Themisto orbits Jupiter at an average distance of 7.4 million km in 130 days, at an inclination of about 45° to the ecliptic, in a prograde direction and with an eccentricity of 0.252. Its orbit is continuously changing due to solar and planetary perturbations.

This means that Themisto has the shortest orbital period of all irregular moons, apart from Triton.

Themisto's orbit is unusual: unlike most of Jupiter's moons, which orbit in distinct groups, Themisto orbits alone. The moon is located midway between the Galilean moons and the first group of prograde irregular moons, the Himalia group.

==Physical characteristics==
Themisto is about 9 km in diameter (assuming an albedo of 0.04).

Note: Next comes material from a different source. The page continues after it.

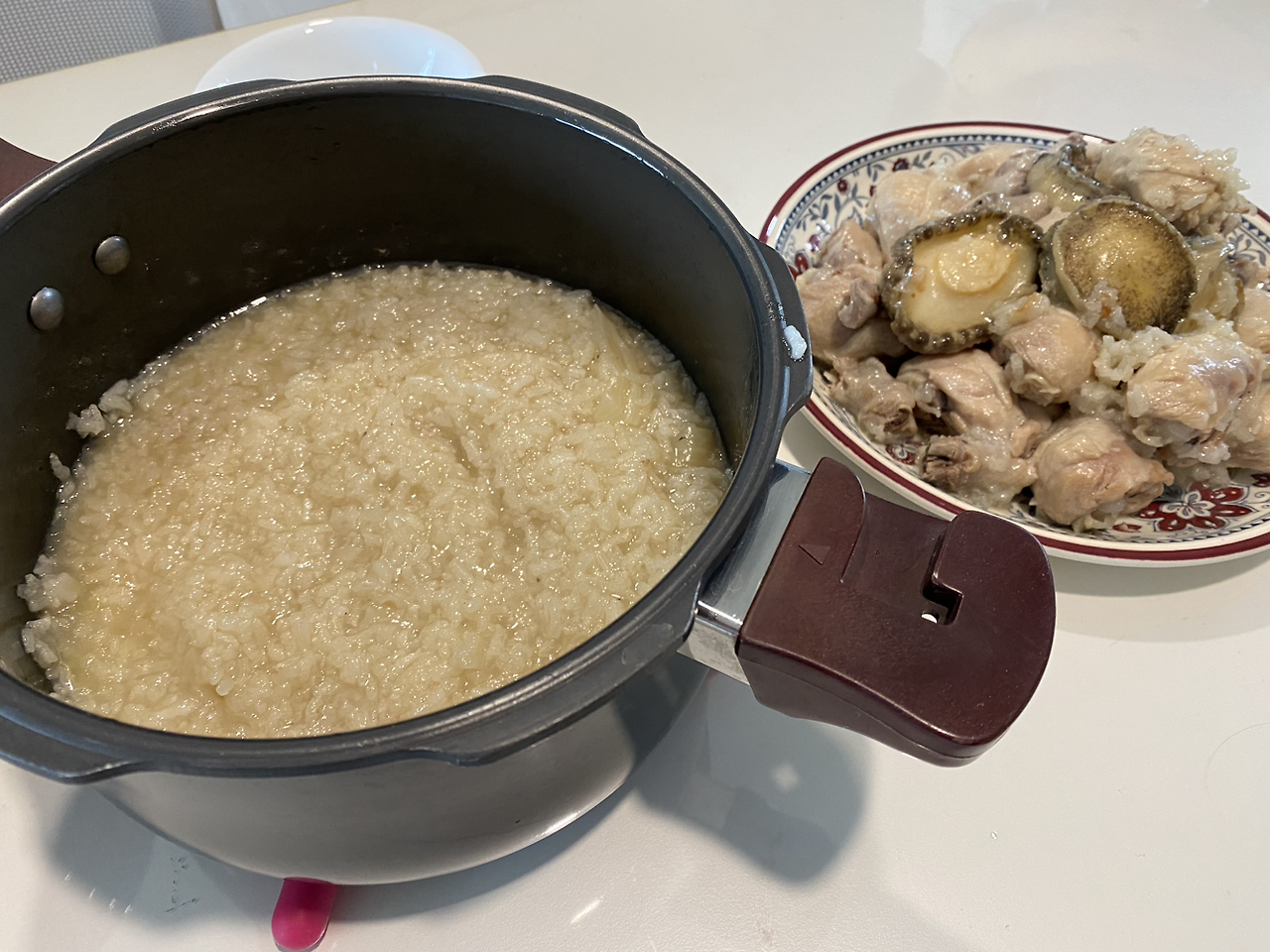 오후엔 내주 목요일(25일) 중복 기념으로 미리 전복 닭다리 누룽지삼계죽을 먹었습니다.

While its true albedo could not be measured by NEOWISE due to poor timing of observations, It is known that Themisto is colored red in the visible spectrum. (B−V=0.83, V−R=0.46, and V−I=0.94) similar to D-type asteroids.

== Origin ==
Themisto probably did not form near Jupiter but was captured by Jupiter later. Themisto is probably the remnant of a broken, captured heliocentric asteroid.